*HOW TO COMPLETE THIS TASK*:
Return the line that has "Milkyrain is a" and all lines below it through the last, exactly as they stand; omit pictures.

*DATA SHOWN*:
————————

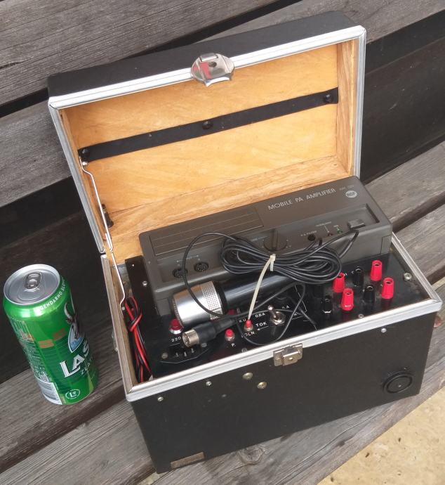 Ojačevalnik ima 2 mikrofonsko linijska vhoda, sedaj vgrajen v kovček z napajalnikom - polnilvcem.
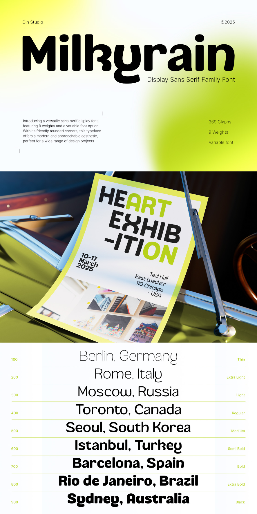 Milkyrain is a charming sans serif font family that blends softness with simplicity. With 9 weights—from delicate Thin to bold Black—and a playful personality shaped by rounded corners and quirky letterforms, Milkyrain adds warmth and character to any design. Its variable font feature lets you fine-tune the weight seamlessly, making it perfect for everything that you need, from branding to creative packaging. In addition, enjoy the features here.
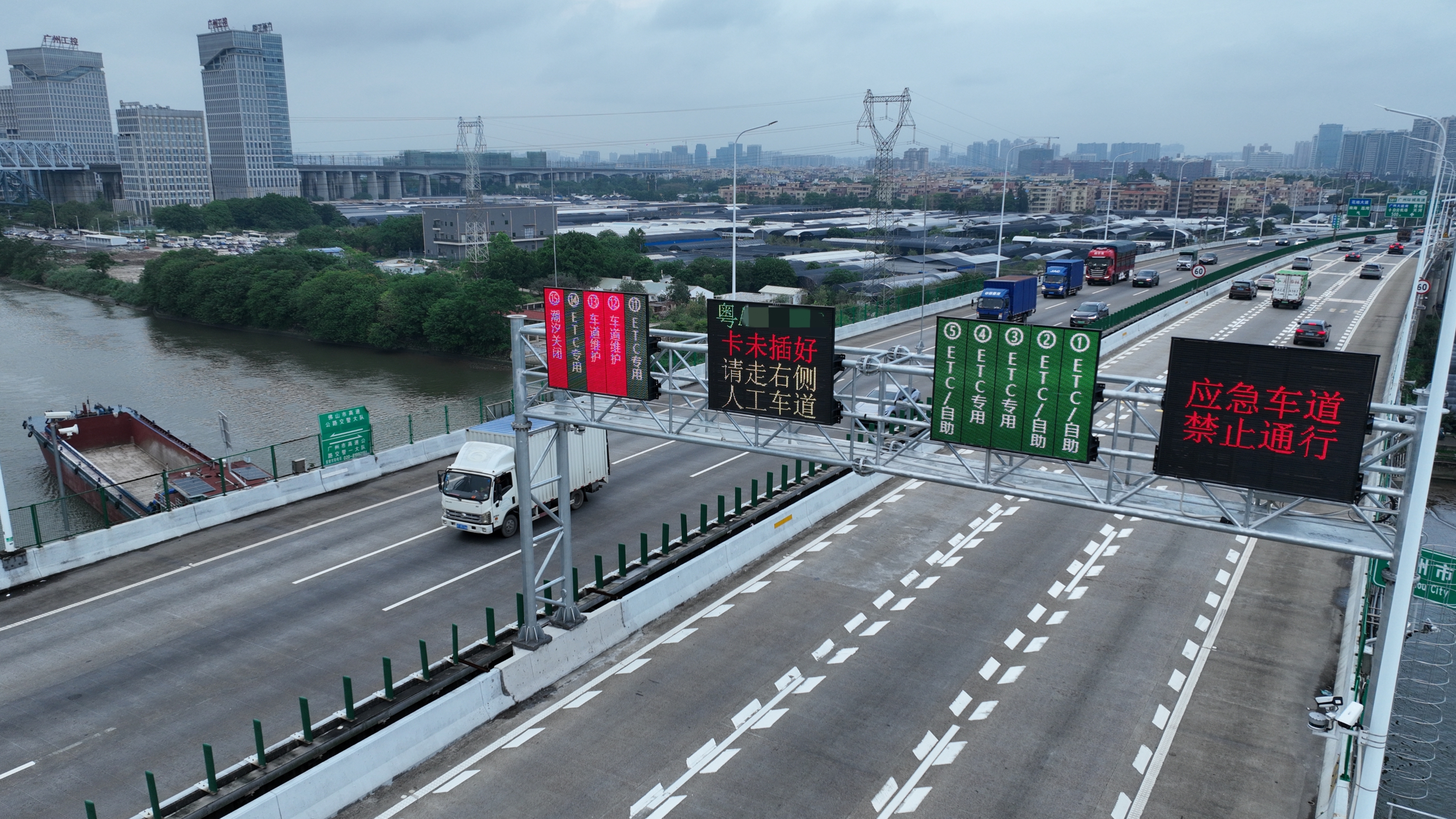 不同于传统收费站存在设备分散、运维复杂等问题,荔湾南站集成应用了嵌入式自助收费设备、一体化栏杆机、诱导屏、雷达感知等智能设备,并对其进行集中智能感控,让设备运维从“现场跑腿”转为“云端管理”,设备故障响应速度提升50%。

————————

*EXERCISE SOLUTION*:
 Milkyrain is a charming sans serif font family that blends softness with simplicity. With 9 weights—from delicate Thin to bold Black—and a playful personality shaped by rounded corners and quirky letterforms, Milkyrain adds warmth and character to any design. Its variable font feature lets you fine-tune the weight seamlessly, making it perfect for everything that you need, from branding to creative packaging. In addition, enjoy the features here.
 不同于传统收费站存在设备分散、运维复杂等问题,荔湾南站集成应用了嵌入式自助收费设备、一体化栏杆机、诱导屏、雷达感知等智能设备,并对其进行集中智能感控,让设备运维从“现场跑腿”转为“云端管理”,设备故障响应速度提升50%。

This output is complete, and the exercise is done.